The mark is on the crank pulley.

15 on the ga16, 17 on the sr20. People run higher but you have to be careful and closely monitor your engine.


----------



## Tickwomp (May 27, 2003)

ok, how do you know how far to turn the distributor? i mean do u look at the cam pulley while ur moving it (towards the rear of car)? ive never done nEthing like this, so i wanna know how it'll look on the pulley while im twisting distributor. i saw one site with pics of how to do just about everything...just makin sure


----------



## Katana200sx (May 13, 2002)

its the crank pulley like zeno said. you turn the distributor until the timing is set at where you want. the timing marks go as follows(on the ga16..not sure about the sr) -5,0,5,10,15,20. those are in degrees. the lower marks are towards the front of the car and the higher are towards the rear. good luck. oh and you know you need a timing light right?


----------



## Tickwomp (May 27, 2003)

lol yea. me and my friend were gonna do everything this morning but his timing light kept messing up. the inducer thingie wouldn't go on right or something...


----------



## go4broke44 (Jan 14, 2003)

make sure you turn the distributor towards the firewall too, or clockwise. heres how i did my totally free timing advance:

went to walmart and bought a timing light for 40 bucks

drove down the street to a local self serve car wash with the tunnels (it was raining out)

loosened distributor, and marked its position at stock. your going to need a 12mm wrench, and a small one at that, the back bolt is a bitch to get to, and adjustable wrenches just wont fit, it pissed me off repeatedly. 

unplug the TPS sensor, and then start the car. it will rev up, and imediately drop down under 1k, almost stalls. you need to rev it over 3k 3 times, to lock it into timing mode. then go hook up your light, if you havent already, put the inductive pickup on the plug to the far left of the engine bay (towards passenger side)

it will start to blink if done right, remember the inductive pickup is like a ring type of thing, it doesnt clip onto the wire, it clips around it, i was all confused the first time i did it, cause i was clipping it on it, and it wasnt working. 
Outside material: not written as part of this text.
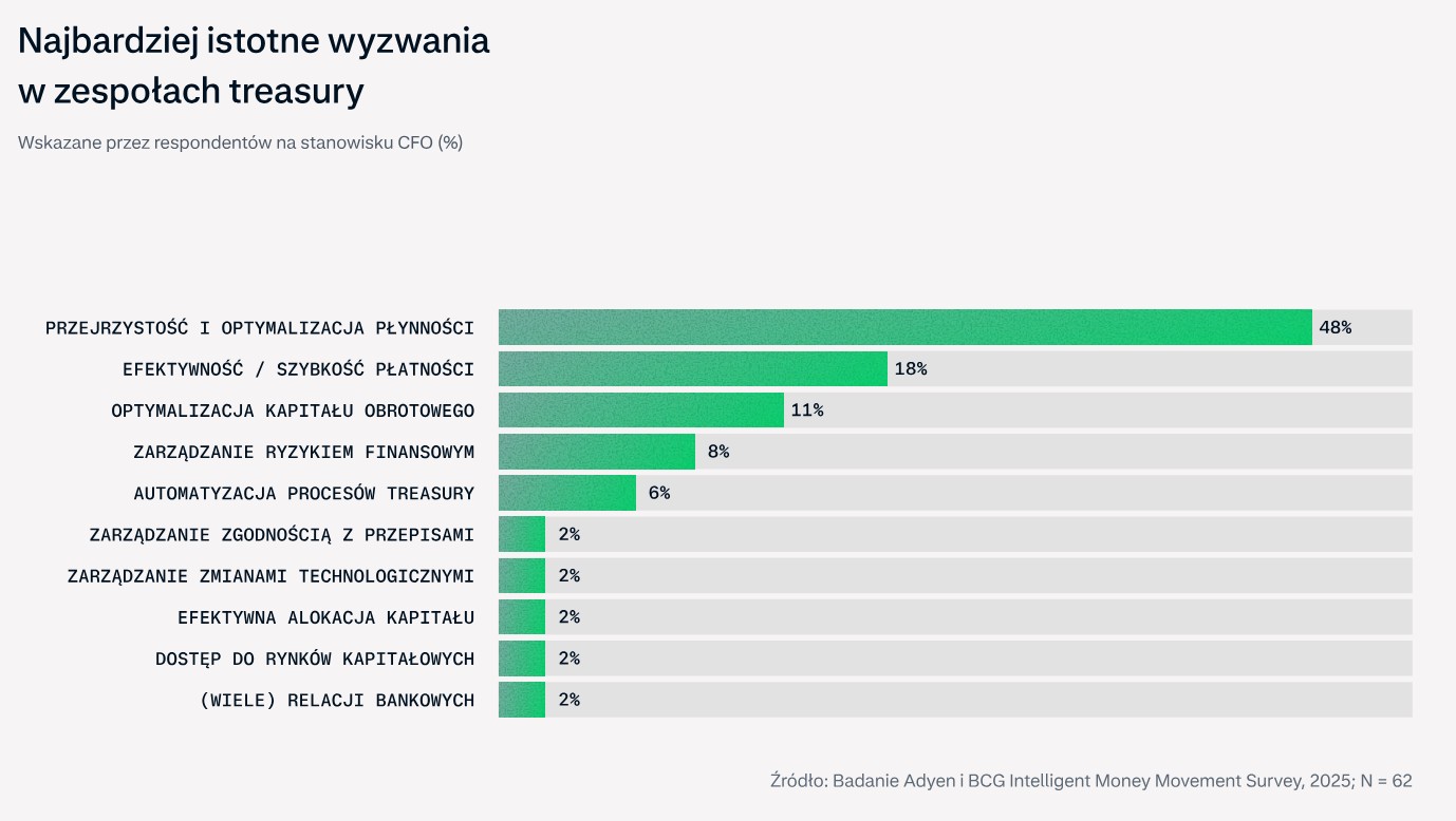 W przypadku firm o krótkich cyklach operacyjnych niedopasowanie pomiędzy momentem wpływów i wypływów środków staje się jednym z głównych źródeł ryzyka i ogranicza możliwość generowania zwrotu z kapitału obrotowego. Skala tego problemu jest istotna – 18 proc. CFO uznaje dziś szybkość realizacji płatności przychodzących i wychodzących jako jeden z kluczowych obszarów do usprawnienia.

now shine the light on the pulleys on the passenger side of the engine, the one you want is like all the way in the bottom, you will see the marks on it when you get the light on it, you will also notice a little pointer thing that tells you which mark your timing is at. now if its just you, you want to go back and forth, move the distributor alittle, then check timing, move it allittle more, etc etc, til your at 15*. make sure you are turning the distributor towards the firewall, or clockwise, the first time i did mine i turned it the other way, and it retarded my timing, making me slower. (for the GA16 turn the distributor clockwise, for the SR20 its counterclockwise) 

when you're all done, shut off the car, tighten the distributor bolts down, making sure not to move it, and plug the TPS sensor back in. then start it up and enjoy the extra power!

this writeup made possible by the nice people at BS Performance


----------



## go4broke44 (Jan 14, 2003)

oh yeah, i forgot the free part, when your done advancing your timing, put the light back into the package, and return it to walmart, they will most likely not know what it is at the customer service desk, so you can just tell them you didnt need it, it didnt fit, etc


----------



## Tickwomp (May 27, 2003)

heh, i'll have to remember that. im jus gonna borrow timing light from a friend. Thanks a lot.


----------



## WRteam200sx (Mar 15, 2003)

Wow... you just explained that in the easiest way i have ever read... seriously , i thank you soooo much cause most of the "how-to's" always have misleading sentences or what not... finally someone who is a good explainer... i think im finally confident enough to do it myself!


----------



## Tickwomp (May 27, 2003)

yea all you need are pics  if i hadn't already looked at the pictures i'd have no idea what he was talking about. 40 bucks for a damn timing light? well it is free...technically.


----------



## Katana200sx (May 13, 2002)

the inductive clip is suppose to go on your #1 cylinder


----------



## DanTheMan (Jan 12, 2003)

*Timing*

I guess mine is retarded then, I turned it clockwise first, then back counter clockwise later, Now it's back on stock hash mark and I'll do it right tomorrow.
Anyone out there know what the timing marks are on an Unorthodosx Crank for the GA16DE?
Maybe I'll just go to my mechanic, for 20 bucks, I really don't wanna pull the skirt off just to see and Probablly couldn't see them anyway. 

P.S. Unorthodox pulley rocks but I should have wrote the marks down before the install!!! DULT! Damn UR han't gotten back to me after asking them either!

In A Jam!
[email protected]


----------



## Tickwomp (May 27, 2003)

they're not actually on the pully, there should be a needle thing pointing at the belt/pulley for stock whatever that is...15 or something for the sr20. the timng light will shine the marks onto the belt. like it'll flash and youl'll see a buncha lines printed onto the moving timing belt.


----------



## pearl200sxse (Jun 14, 2003)

MY NEEDLE IS AT THE HIGHEST MARK, BUT IF IT GOES ANY LOWER IT BOGS. ALTHOUGH AFTER I ADJUSTED THE TIMING, IT RUNS BETTER THEN EVER IT WAS BACK FIRING LOUDER THAN A 6 SECOND RX7 BIT I GUESS IF IT IS QUIETER, IT RUNS BETTER IT IS CORRECT.


----------



## Slayer2003 (Jun 4, 2003)

whoa.....caps lock off lol....

thinkin about doin this......how much of a change would i notice if say i only go to 10 instead of 15? would go to 15, but ive heard fuel economy really kinda drops?


----------